PROBLEM REQUIREMENTS: Note how many lines in the material have "from", and give only that figure.

MATERIAL PROVIDED:
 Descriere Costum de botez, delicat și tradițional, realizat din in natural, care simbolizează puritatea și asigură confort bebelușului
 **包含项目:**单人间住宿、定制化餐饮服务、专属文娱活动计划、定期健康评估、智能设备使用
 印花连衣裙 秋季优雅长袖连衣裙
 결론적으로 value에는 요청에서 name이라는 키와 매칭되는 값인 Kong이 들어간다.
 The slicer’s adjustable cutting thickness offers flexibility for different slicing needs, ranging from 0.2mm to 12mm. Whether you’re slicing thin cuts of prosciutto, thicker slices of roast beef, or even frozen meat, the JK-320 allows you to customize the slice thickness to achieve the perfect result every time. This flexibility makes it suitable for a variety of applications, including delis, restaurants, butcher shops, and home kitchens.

---

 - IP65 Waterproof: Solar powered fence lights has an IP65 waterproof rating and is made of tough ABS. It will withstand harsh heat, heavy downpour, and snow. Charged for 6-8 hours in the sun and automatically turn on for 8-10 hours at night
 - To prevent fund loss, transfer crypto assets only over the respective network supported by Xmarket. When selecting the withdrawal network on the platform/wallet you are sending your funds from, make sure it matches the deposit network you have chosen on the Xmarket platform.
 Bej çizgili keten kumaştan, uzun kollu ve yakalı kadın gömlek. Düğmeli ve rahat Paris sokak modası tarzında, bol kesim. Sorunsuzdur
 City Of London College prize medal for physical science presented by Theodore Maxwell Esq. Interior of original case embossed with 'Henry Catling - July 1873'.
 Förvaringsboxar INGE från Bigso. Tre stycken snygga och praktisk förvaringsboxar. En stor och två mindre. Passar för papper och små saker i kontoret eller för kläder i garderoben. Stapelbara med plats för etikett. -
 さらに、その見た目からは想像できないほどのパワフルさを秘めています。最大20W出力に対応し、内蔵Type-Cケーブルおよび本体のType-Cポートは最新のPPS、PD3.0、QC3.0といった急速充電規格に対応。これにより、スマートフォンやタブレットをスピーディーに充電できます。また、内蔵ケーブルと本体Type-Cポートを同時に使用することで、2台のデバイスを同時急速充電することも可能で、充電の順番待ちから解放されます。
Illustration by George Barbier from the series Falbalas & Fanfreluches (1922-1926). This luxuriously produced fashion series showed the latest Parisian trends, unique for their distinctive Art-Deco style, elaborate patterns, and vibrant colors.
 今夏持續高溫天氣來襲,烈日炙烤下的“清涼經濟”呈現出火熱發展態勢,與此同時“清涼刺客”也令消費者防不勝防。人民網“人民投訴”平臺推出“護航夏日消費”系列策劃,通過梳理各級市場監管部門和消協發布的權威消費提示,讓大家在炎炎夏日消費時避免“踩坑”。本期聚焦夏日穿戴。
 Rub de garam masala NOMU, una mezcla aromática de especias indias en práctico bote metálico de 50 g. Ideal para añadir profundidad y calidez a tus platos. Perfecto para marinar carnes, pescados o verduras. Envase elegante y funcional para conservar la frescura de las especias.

WRITTEN SOLUTION: 3